- Developer: Vortex Software
- Publisher: U.S. Gold
- Designer: Costa Panayi
- Platforms: ZX Spectrum, Amstrad CPC
- Release: 1986
- Genre: Puzzle
- Mode: Single-player

= Revolution (video game) =

1986 video game

Revolution is an isometric 3D puzzle video game released by U.S. Gold in 1986 for the ZX Spectrum and Amstrad CPC. It was programmed by Costa Panayi and is a development of the earlier 3D games Highway Encounter and Alien Highway.

== Gameplay ==
The player controls a bouncing ball on a series of superimposed levels, each consisting of an array of square tiles that are arranged with a number of puzzles.

Each puzzle consists of two black cubes that turn temporarily white when touched by the player's ball, before turning black again. To solve the puzzle, both cubes must be touched in rapid succession so that they turn white simultaneously.

There are nine levels. When all the puzzles on one level are complete, the player ascends to the next.

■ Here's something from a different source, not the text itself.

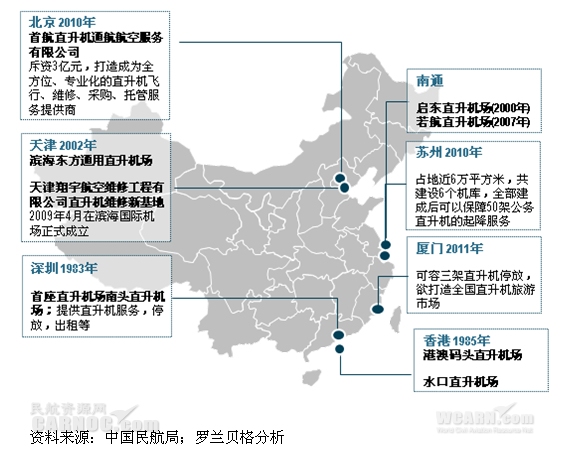 价值链方面,因为中国飞机制造的配套软环境还没有完全建立起来,因此一些关键的零部件制造,虽然借助政策和资本的力量不是没有机会引入国内,但是即使引入了,可能也会面对“橘生淮北则为枳”的尴尬处境,倒是围绕基础环境的打造(吸引国外制造商和合作机会)以及购机流程优化方面的一些尝试可能会收到较好的效果,总之就是要在市场发展到什么阶段引入什么样的业务,超前和滞后都不是太可取。除此之外,虽然国内直升机市场尚未成熟,但不能否认的是市场上已经有一些企业和个人出于各种原因购置了直升机,而这类客户会有直升机托管的需求,因此这部分业务也是值得短期关注的一个点,代表性的企业如南航珠直。在有就是针对二三线机场,围绕直升机的通航基地运营在未来会出现新的机会,但当前阶段的布局最好能找到专业机构进行合作,培育市场、分散风险,同时积累通航运营经验,待机会到来时,可以迅速把握住,个人觉得汕头机场、温州机场、大连机场、三亚机场、昆明机场等在这方面有潜力,但是否真的适合、何时进入,以及如何构建,那就要需要系统扫描过后再做定论了。 图3:中国直升机基地一览(部分)

The height of the ball's bounce is controlled by the "fire" button, while the direction controls steer it around the map. The player must make sure not to fall off the edge of the level, or through the gaps between tiles.

Flying platforms, conveyor belts, adhesive surfaces, spiked balls, and other structures may help or hinder the player in their attempt to solve the puzzles.

The player has five balls. There is also a time limit that must be beaten.

== Background ==
Mark Haigh-Hutchinson:
The result of Costa's efforts was REVOLUTION, an abstract isometric puzzle game. It was designed with lastability in mind - each time the game starts the puzzles are shuffled between levels as well as their locations within the level.

Shifting the puzzles around and creating a new landscape, or set of levels, each time you start play - it's trying to make the game something more than other games on the market' Luke [Andrews] would say at the time.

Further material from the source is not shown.